As we’ve already discussed, the range of human hearing is (at best) 100Hz to 20kHz, so should we really care about anything beyond this mark? Some would say yes. But, for voiceover work, I disagree. And here’s why.
Male voices occupy the 100Hz to 8kHz range, and female voices live in the 350Hz to 17kHz space. Extreme sibilance can take you up to the 30kHz range.
But even if you could capture that 30kHz sound, it’s unlikely you’d want to keep it and your export format is likely to strip it out, anyway—especially if your target is a video streaming platform. So there’s really no need to sample voiceover work at anything above 48kHz unless you’re planning to stretch it out in post. (Like you’d shoot video at 120fps if you were planning to slow-mo it in the edit.)
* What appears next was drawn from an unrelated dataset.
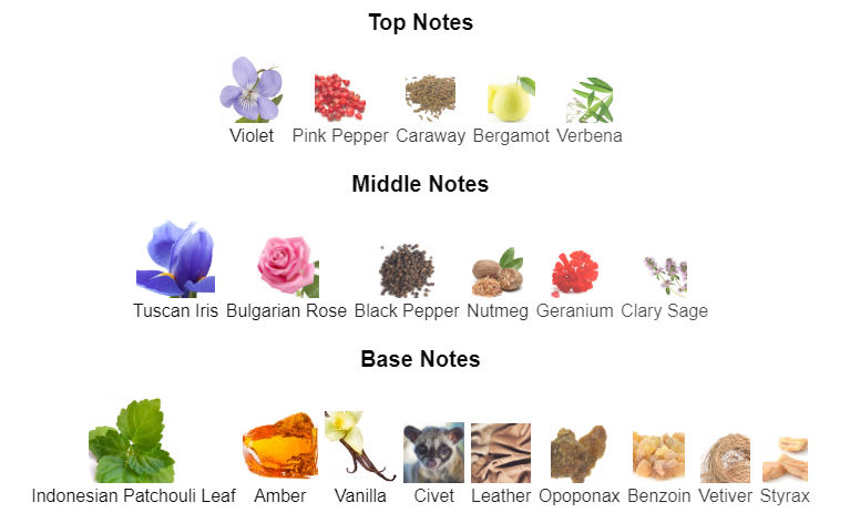 Noir by Tom Ford is a Amber Woody fragrance for men. Noir was launched in 2012. The nose behind this fragrance is Olivier Gillotin. Top notes are Violet, Pink Pepper, Caraway, Bergamot and Verbena; middle notes are Tuscan Iris, Bulgarian Rose, Black Pepper, Nutmeg, Geranium and Clary Sage; base notes are Indonesian Patchouli Leaf, Amber, Vanilla, Civet, Leather, Opoponax, Benzoin, Vetiver and Styrax.

Bit depth is harder to squeeze into a video metaphor as it affects both the dynamic range of your audio and the resolution at which it’s captured. But higher bit rates are better, right?
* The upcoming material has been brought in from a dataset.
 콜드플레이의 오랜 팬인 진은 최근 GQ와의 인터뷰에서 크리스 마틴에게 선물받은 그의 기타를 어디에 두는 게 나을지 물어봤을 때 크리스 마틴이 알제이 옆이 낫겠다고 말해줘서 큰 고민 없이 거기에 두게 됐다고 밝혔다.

The simple answer is yes, but maybe not for the reason you think. Spoken vocals have a narrow dynamic range so they won’t sound all that different as a result of being recorded in the audio equivalent of HDR. And while more bits means that your source audio can be reproduced more accurately, I’ve never been able to hear a difference between spoken vocals recorded in 16- and 24-bit.
16-bit uncompressed WAV
24-bit uncompressed WAV
Instead, higher bit rates increase the signal to noise ratio (SNR), which means that the noise floor—which is as close to silence as your equipment allows—can potentially be quieter in relation to your vocals. Given that silence is our goal when we’re not speaking, this might be worth the extra storage and processing requirements that come with more bits. But, like higher sample rates, it’s a case of diminishing returns.
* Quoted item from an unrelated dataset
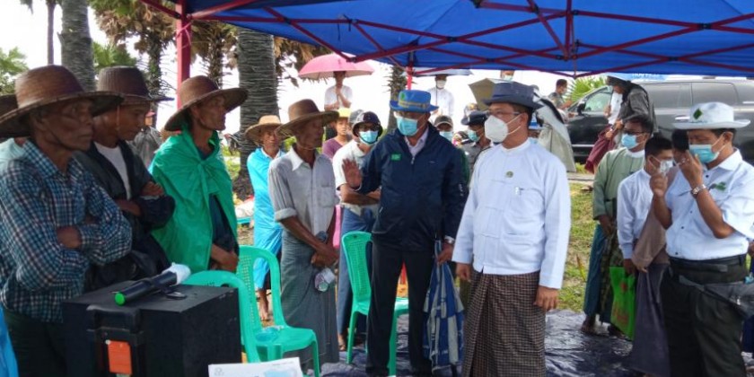 Ayeyawaddy Region Chief Minister U Tin Maung Win attended the ploughing ceremony of green manure at the field of a local farmer in PhaYaGyiKone Village-tract of Eainme Township.

It’s also worth noting that some audio drivers (like low-latency ASIO) may default to the native bit depth of the hardware and cannot be changed.
A case of mono
Oh, and in case you didn’t know, all microphones are monophonic (single-channel). Stereo microphones like the one shown below are just a matched pair in a single array.
So leave the Channels setting on Mono. Changing it Stereo will just duplicate the signal onto an identical pair left and right channels. This offers no benefit and will take up screen space that you’ll need later on.
If you’re not sure what’s best, just dial in the maximum settings supported by your interface, so that your recording matches the input signal as closely as possible. Audition’s default is to limit settings to those that are supported, and there’s no benefit to be had from overriding this behavior.
Setting your recording level
Input level is determined by your operating system, interface, and microphone, and isn’t something you can adjust from inside Audition. So you’ll need to either use the gain controls on your hardware, or dive into the settings for your device in Windows or MacOS and use the sliders to adjust your input.
What we’re aiming for is an input level for your spoken vocals that’s typically between the -18dBFS to -4dBFS range on the Levels meter, and never goes beyond the 0dBFS mark (see below), as this causes clipping and distortion. (dBFS stands for decibels at full scale, with zero being the maximum level possible in a digital recording.)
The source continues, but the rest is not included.